Andrew Bacevich has emerged as an important critic of American imperialism. He retired from the Army as a colonel and for many years was active in conservative political circles. He’s now a history professor at Boston University. In his important book,The New American Militarism: How Americans Are Seduced by War (Oxford University Press, 2005), Bacevich argued from the right as a true conservative concerned with how the military-industrial complex has corrupted and endangered American society with its imperialism.

Since that book came out, Bacevich’s credibility has, tragically, been enhanced due to the death of his son in combat in Iraq.  He has made more common cause with progesssives, and now has published The Limits of Power as part of “The American Empire Project,” a series of books featuring numerous writers more identified with the left side of the political spectrum (such as Noam Chomsky, James Carroll, and Walden Bello).

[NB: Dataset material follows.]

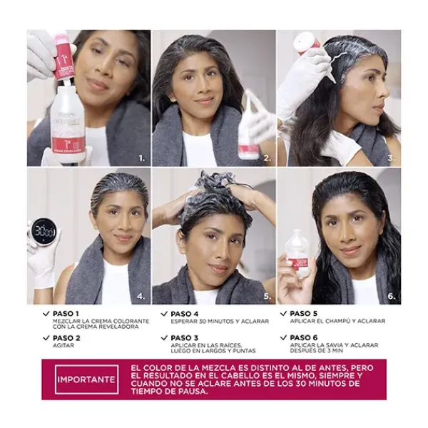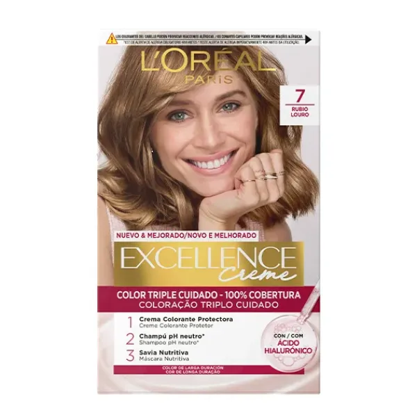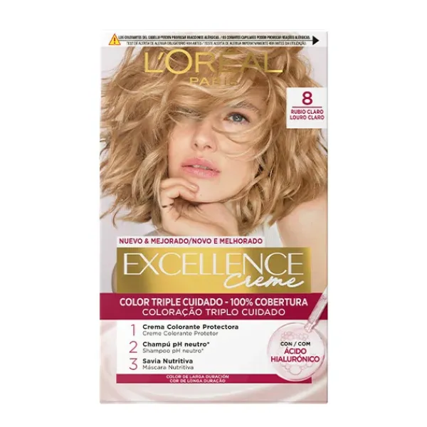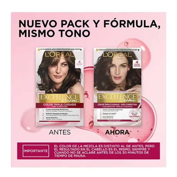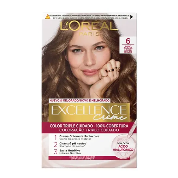 La Crema Color Triple Cuidado Avanzado Excellence, con Pro-Keratina, Ceramida y Ionene G, protege el cabello antes, durante y después de la coloración con un 100% de cobertura de canas.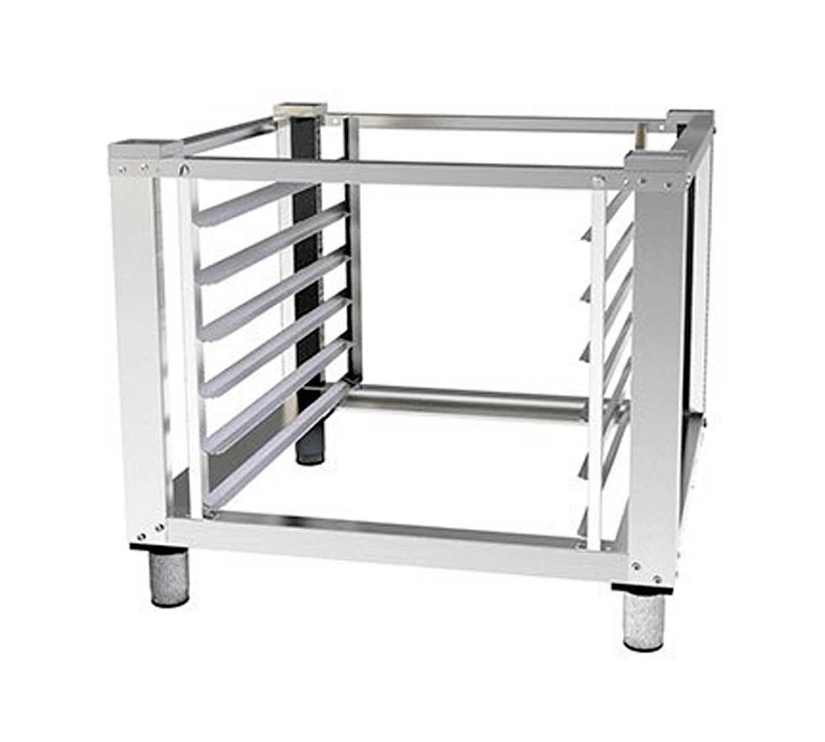 El Soporte ST con 7 Guías de FM, está fabricado en acero inoxidable y permite colocar los hornos de la serie ST para elevarlos del suelo. Tiene capacidad para 7 bandejas.

The Limits of Power: The End of American Exceptionalism is a worthy addition to this important series.  Problems identified in Bacevich’s earlier book have only intensified.  He discusses three interrelated crises in our society–the economy, the political, and the military.  With the first two, he gives a helpful if somewhat summary analysis.  It his third major discussion, of the military crisis, that the book hits paydirt.

In just 45 pages, we get an insider’s perceptive explanation of the problems that beset the American military system.  The major problem, Bacevich believes, has been incompetent leadership. He shows how military and political leaders have learned all the wrong lessons from the wars in Iraq (especially) and Afghanistan.  The lessons that have been learned (realizing that the military needs to be oriented toward the “next war” [e.g., rooting out insurgents, nation-building, and training and advising “host nation” forces], the need to empower military professionals vis-a-vis political leaders, and the need to repair the relationship between army and society [perhaps by reinstituting a draft]) are actually conclusions that will push the U.S. farther down the road of self-destruction.

Bacevich argues that instead of preparing for more effective engagement in “small wars” we need to devise a nonimperial foreign policy.  Instead of giving top military leaders more power vis-a-vis politicians, we need to find a way to develop and promote skilled leaders instead of the type who have risen in the ranks in the past generation.  And instead of expanding our military with a draft, we need to find ways to transform our professional army into a force for genuine national defense and service to the American republic (as opposed to the American empire).

Bacevich concludes, “American doesn’t need a bigger army.  It needs a smaller–that is, more modest–foreign policy” (169).

This is good stuff. All of us who oppose the Pax Americana should be grateful that Bacevich’s voice has emerged.  At some point down the road, though, after making common cause with people such as Bacevich, the Christian pacifist will recognize the need to part ways. Bacevich, in the end I think, wants to reform the system and create a kindler, gentler superpower that still relies on the power of the sword in furthering its self-interests. I suspect his reformist instincts will ultimately be shattered on the realities that our military-industrial system as its exists will never lend itself to the kind of changes Bacevich would advocate.  Perhaps then he will move further away from the idea that it is possible to have the kind of permanent military infrastructure he seems to envision and still have a functioning and humane democratic society.  Then maybe he will help in dismantling rather than reforming what we presently have.